Globetrotter, impassibile, inappuntabile. Contro nemici veri e immaginari, a 83 anni Sergio Mattarella rimane saldo al timone del Quirinale, e sorride pure
Mancano pochi giorni al classico discorso di Capodanno, ma nel marasma dell’anno di disgrazia 2024, con guerre e sconquassi e nuovi leader che sembrano cattivi di James Bond, Sergio Mattarella rimane una certezza. Qui non si fanno classifiche né si potrebbe limitarsi a nominarlo l’uomo dell’anno, perché Mattarella è almeno l’uomo del settennio (doppio). Anche mentre si rapporta coi cattivi di James Bond. Una delle dialettiche più gustose è quella proprio con Elon Musk. Mentre noi tutti stiamo alla finestra per capire cosa combinerà il tesliano, mentre Meloni celebra la sua special relationship con il tesliano, Mattarella al tesliano gliele canta e gliele suona. “L’Italia sa badare a sé stessa nel rispetto della sua Costituzione e nessuno dall’estero può impartirle prescrizioni” ha detto Mattarella dopo i tweet di Musk in cui questi suggeriva che i giudici rei di aver bloccato il piano albanese di Meloni “devono andarsene”. E certo verrebbe voglia di essere una mosca e assistere alle riunioni sul colle più alto in reazione ai tweet che giungono d’Oltreoceano; e chissà se nella sua lunga carriera Mattarella aveva mai pensato di scontrarsi, tra tutti, con un bizzarro imprenditore delle auto elettriche e dei razzi spaziali che cinguetta da un telefonino. E’ come se, mettiamo, ai tempi suoi Luigi Einaudi avesse dovuto rispondere a Howard Hughes, anche lui miliardario eccentrico, trasvolatore e imprenditore dell’aerospazio con problemi di ego (quello interpretato da Di Caprio in “The Aviator” per intenderci), che però è anche amico di Nilde Jotti premier o di un Amintore Fanfani donna.
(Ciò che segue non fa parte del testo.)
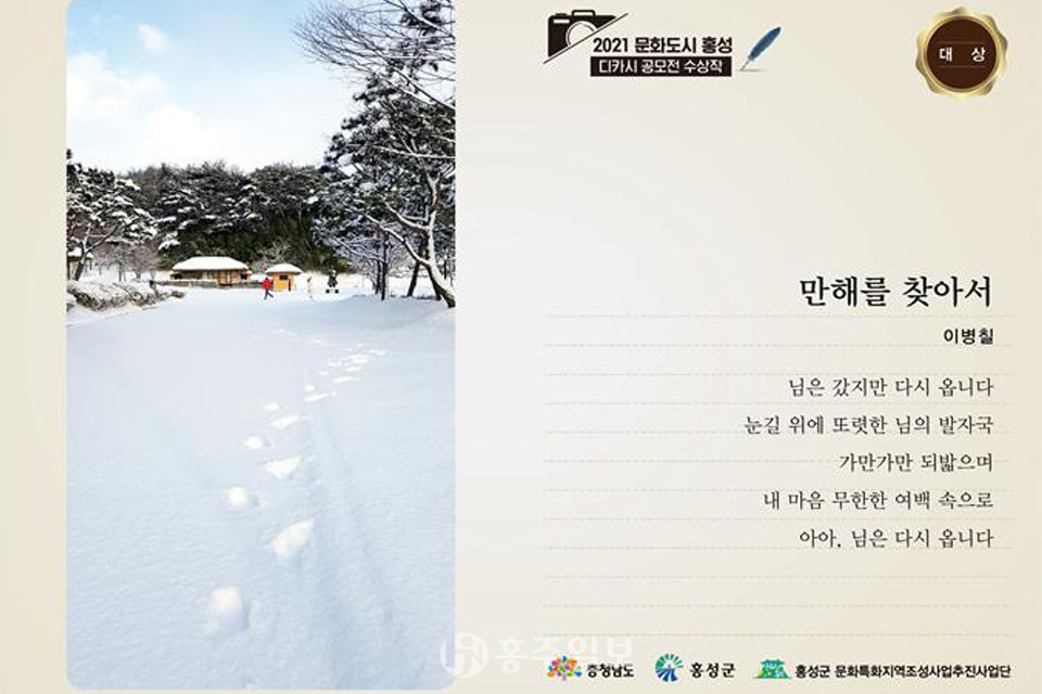 홍성군 문화특화사업단(이하 사업단)이 개최한 ‘2021년 제2회 문화도시 홍성 디카시 공모전’에서 지역 내 거주하는 이병칠 씨의 작품 ‘만해를 찾아서’가 영예의 대상을 차지했다.

Ma, pur non essendoci precedenti, Mattarella è riuscito anche nella disparità e incomunicabilità dei due mondi a non cadere nel ridicolo che la cesura tra questi due mondi comporta – quel ridicolo che tanti invece hanno abbracciato inconsapevolmente annunciando in tono drammatico “usciamo da X”, uno per tutti Sandro Ruotolo responsabile cultura del Pd, uno che non voleva solo partecipare alla cultura del Pd ma anche farla fallire (e poi vuole proprio far proprio chiudere X in Europa).
E certo chissà se a sua volta Musk avrà nel suo staff o penserà di assumere un quirinalista in grado di decifrare le esternazioni di Mattarella, perché il quirinalismo è una scienza, una nobile vecchia lingua dei riti e delle mezze parole, e mentre Musk inverecondo tuona “you are the media” a tutti gli svalvolati utenti di X, qui bisogna districarsi tra gli aggettivi relativi agli incontri, “cordiale” (quando se le son cantate), “franco” (quando tra un po’ si menavano), “irrituale” quando il Quirinale è furibondo; e chissà se Andrea Stroppa, l’ambasciatore di Musk in Italia, il siliconvallico di Tor Pignattara, gli decifrerà il quirinalese dei pezzi di Marzio Breda e d’altri nobili esperti di Colle?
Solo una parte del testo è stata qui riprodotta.